» Supplied data:
▬▬▬▬▬▬▬▬▬▬

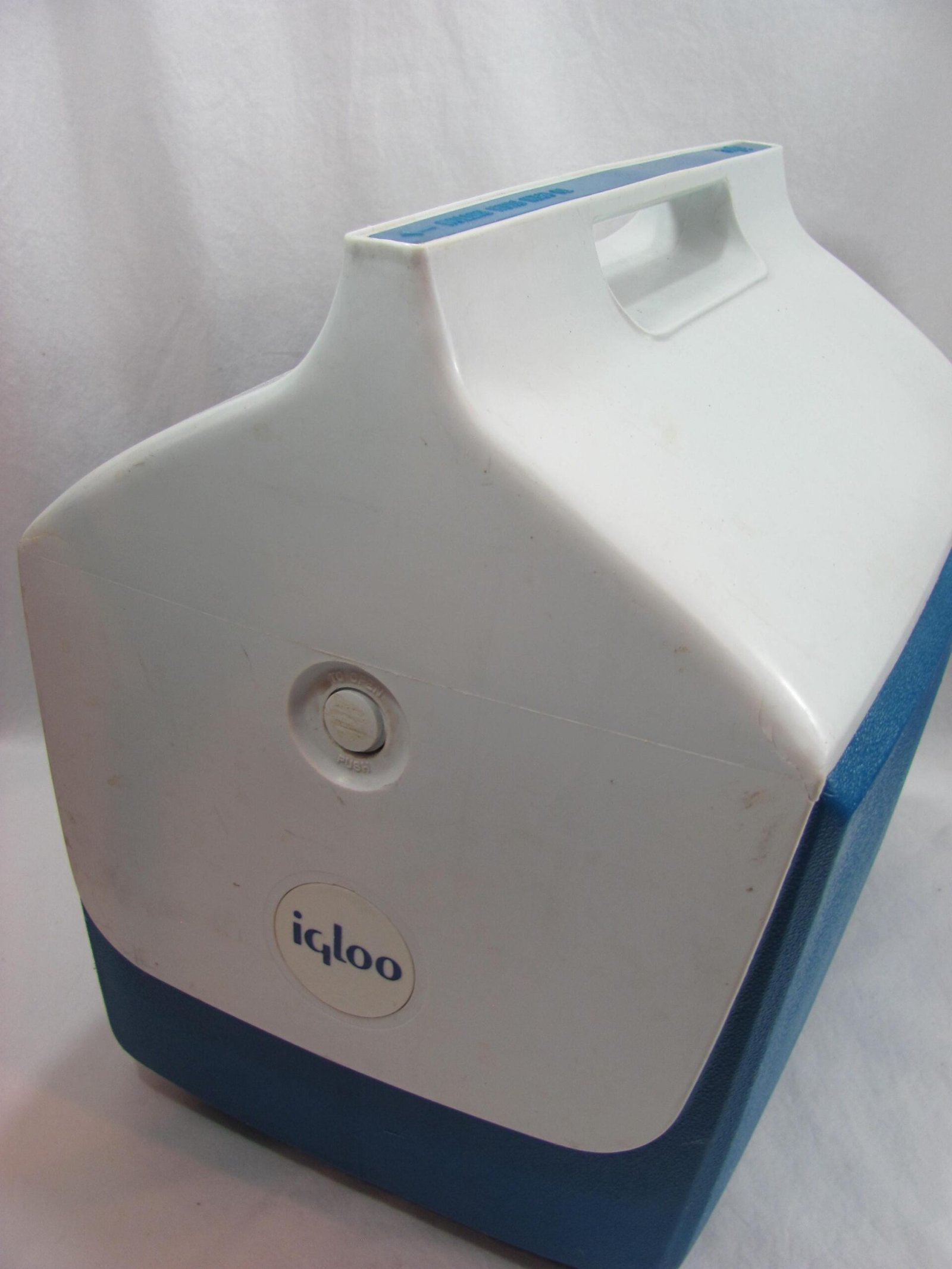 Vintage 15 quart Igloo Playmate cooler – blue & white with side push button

▬▬▬▬▬▬▬▬▬▬

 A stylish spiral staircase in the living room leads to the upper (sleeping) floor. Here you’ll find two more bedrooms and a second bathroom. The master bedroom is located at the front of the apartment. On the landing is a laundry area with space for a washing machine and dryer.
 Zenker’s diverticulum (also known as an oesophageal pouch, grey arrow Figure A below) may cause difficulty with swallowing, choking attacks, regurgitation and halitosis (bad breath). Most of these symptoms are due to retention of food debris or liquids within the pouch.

▬▬▬▬▬▬▬▬▬▬

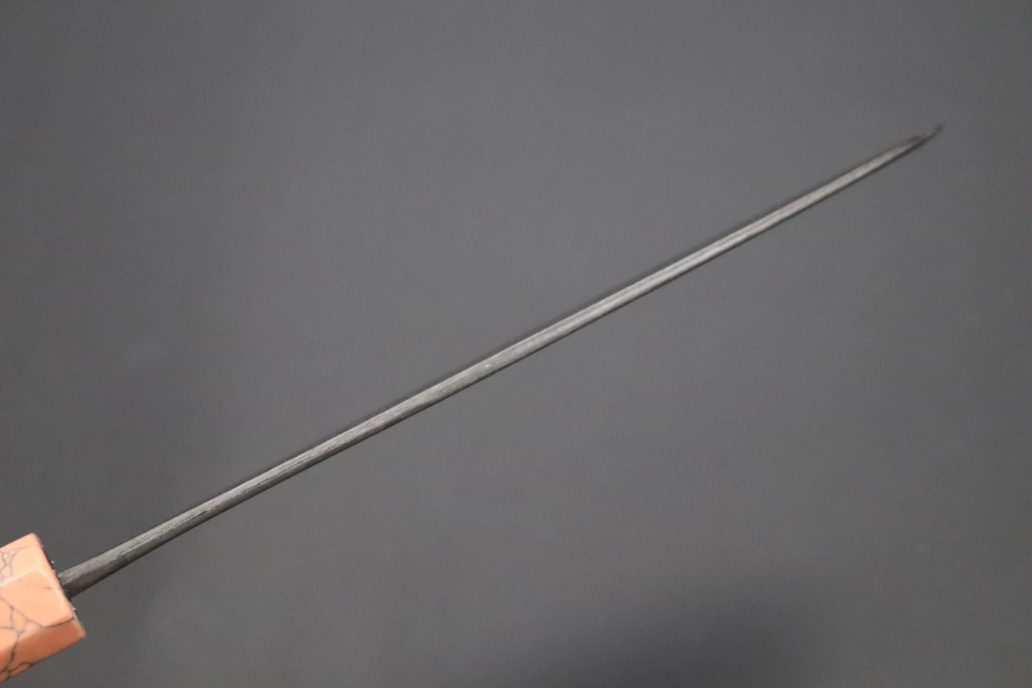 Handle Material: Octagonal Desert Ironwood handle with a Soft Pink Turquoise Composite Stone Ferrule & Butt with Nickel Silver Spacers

▬▬▬▬▬▬▬▬▬▬

» Problem:
The exact lines of the material above starting at the one that contains "A stylish spiral" and ending at the one that contains "Zenker’s diverticulum (also" are what to retype; leave out everything else.

» Result for this task:
 A stylish spiral staircase in the living room leads to the upper (sleeping) floor. Here you’ll find two more bedrooms and a second bathroom. The master bedroom is located at the front of the apartment. On the landing is a laundry area with space for a washing machine and dryer.
 Zenker’s diverticulum (also known as an oesophageal pouch, grey arrow Figure A below) may cause difficulty with swallowing, choking attacks, regurgitation and halitosis (bad breath). Most of these symptoms are due to retention of food debris or liquids within the pouch.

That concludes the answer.